╭──
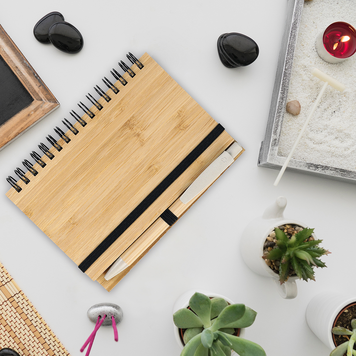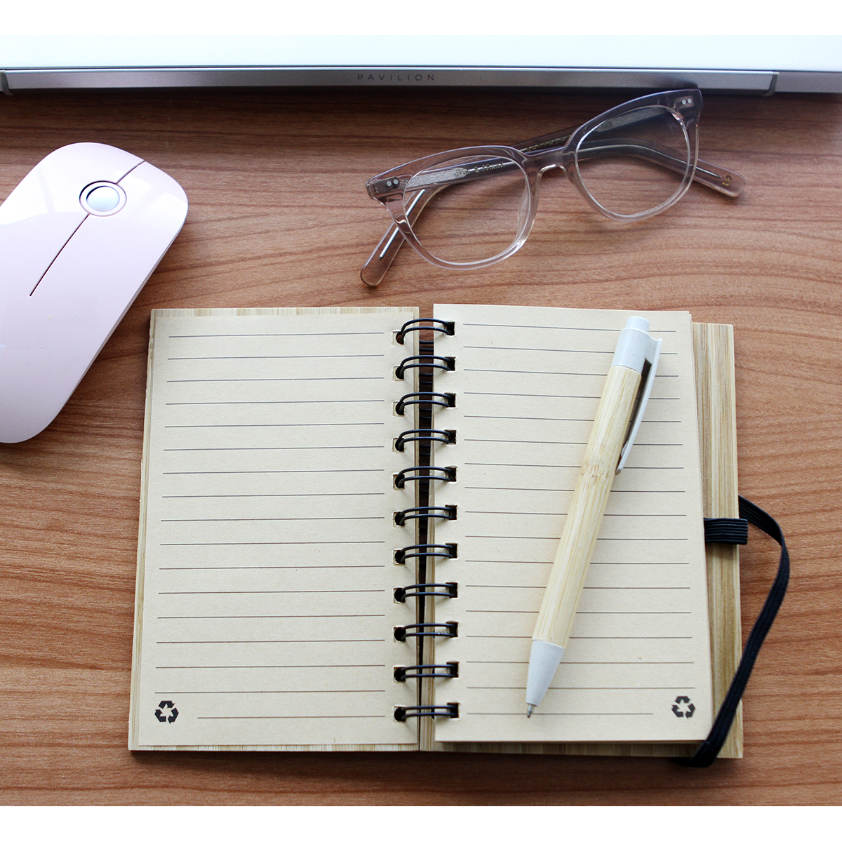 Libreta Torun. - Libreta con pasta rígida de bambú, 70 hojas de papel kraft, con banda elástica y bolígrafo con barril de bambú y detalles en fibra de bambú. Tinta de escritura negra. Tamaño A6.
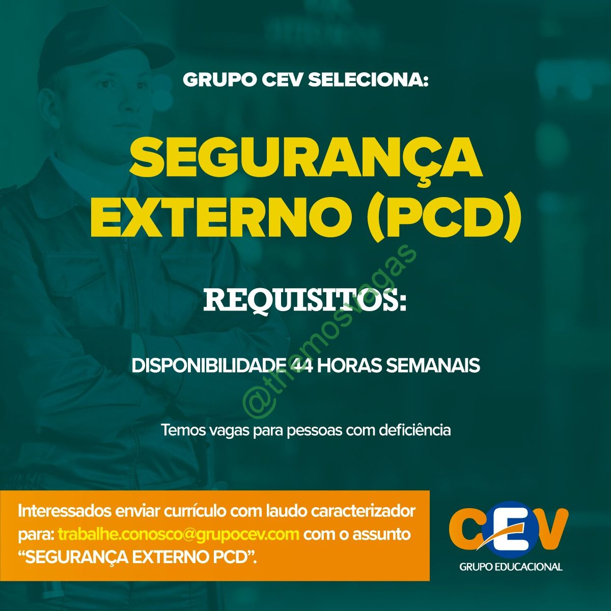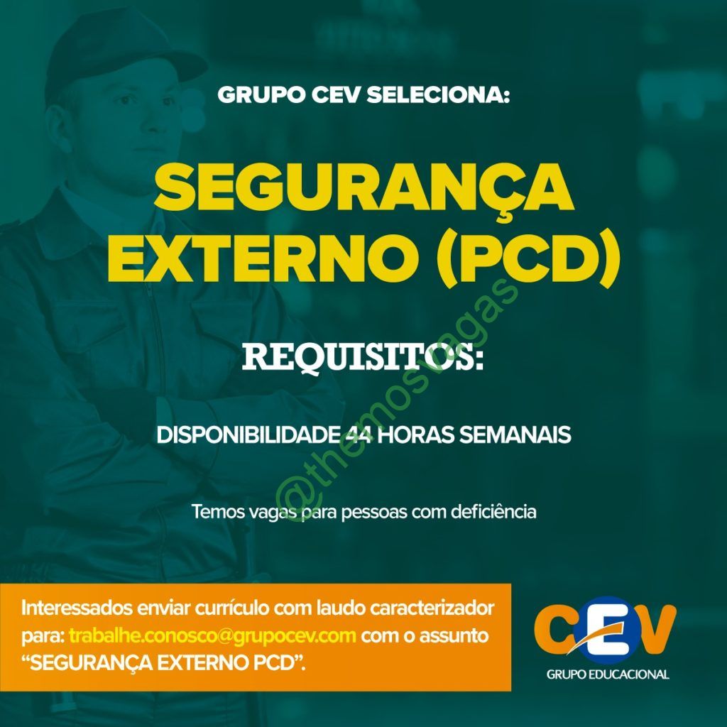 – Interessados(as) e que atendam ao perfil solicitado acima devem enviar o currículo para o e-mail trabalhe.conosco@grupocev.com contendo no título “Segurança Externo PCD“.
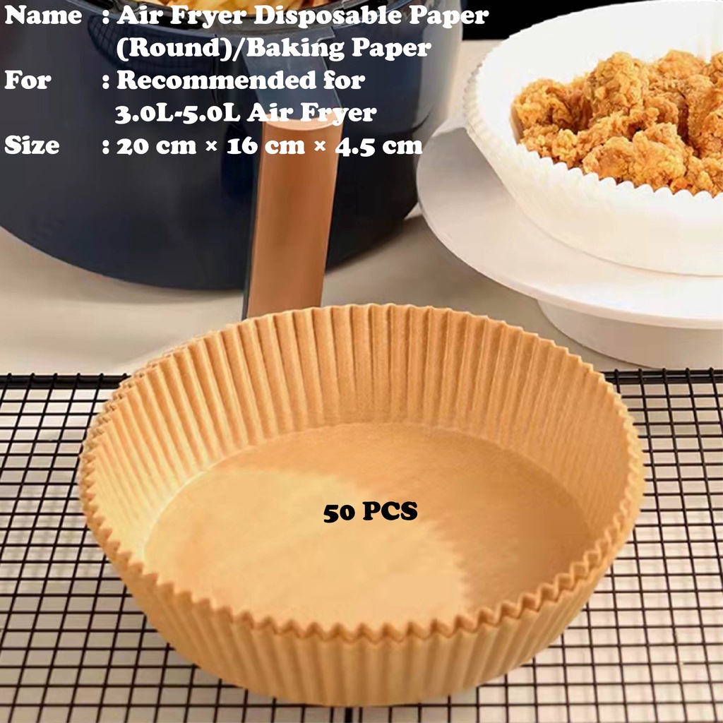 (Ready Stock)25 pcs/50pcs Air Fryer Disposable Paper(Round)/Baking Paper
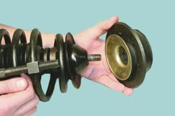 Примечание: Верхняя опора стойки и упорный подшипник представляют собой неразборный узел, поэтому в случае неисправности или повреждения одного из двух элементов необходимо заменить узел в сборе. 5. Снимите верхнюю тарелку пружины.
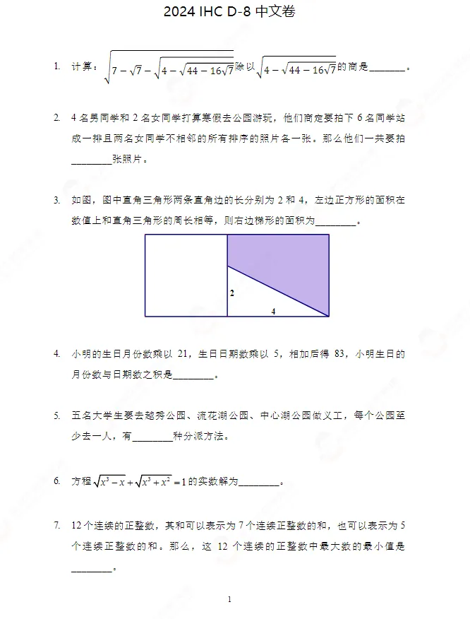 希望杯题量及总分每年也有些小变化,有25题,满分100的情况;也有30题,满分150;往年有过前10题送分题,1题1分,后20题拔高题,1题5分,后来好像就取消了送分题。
╰──
PROBLEM STATEMENT
All the lines above are to be given again exactly as they read, with the pictures removed.

ANSWER
 Libreta Torun. - Libreta con pasta rígida de bambú, 70 hojas de papel kraft, con banda elástica y bolígrafo con barril de bambú y detalles en fibra de bambú. Tinta de escritura negra. Tamaño A6.
 – Interessados(as) e que atendam ao perfil solicitado acima devem enviar o currículo para o e-mail trabalhe.conosco@grupocev.com contendo no título “Segurança Externo PCD“.
 (Ready Stock)25 pcs/50pcs Air Fryer Disposable Paper(Round)/Baking Paper
 Примечание: Верхняя опора стойки и упорный подшипник представляют собой неразборный узел, поэтому в случае неисправности или повреждения одного из двух элементов необходимо заменить узел в сборе. 5. Снимите верхнюю тарелку пружины.
 希望杯题量及总分每年也有些小变化,有25题,满分100的情况;也有30题,满分150;往年有过前10题送分题,1题1分,后20题拔高题,1题5分,后来好像就取消了送分题。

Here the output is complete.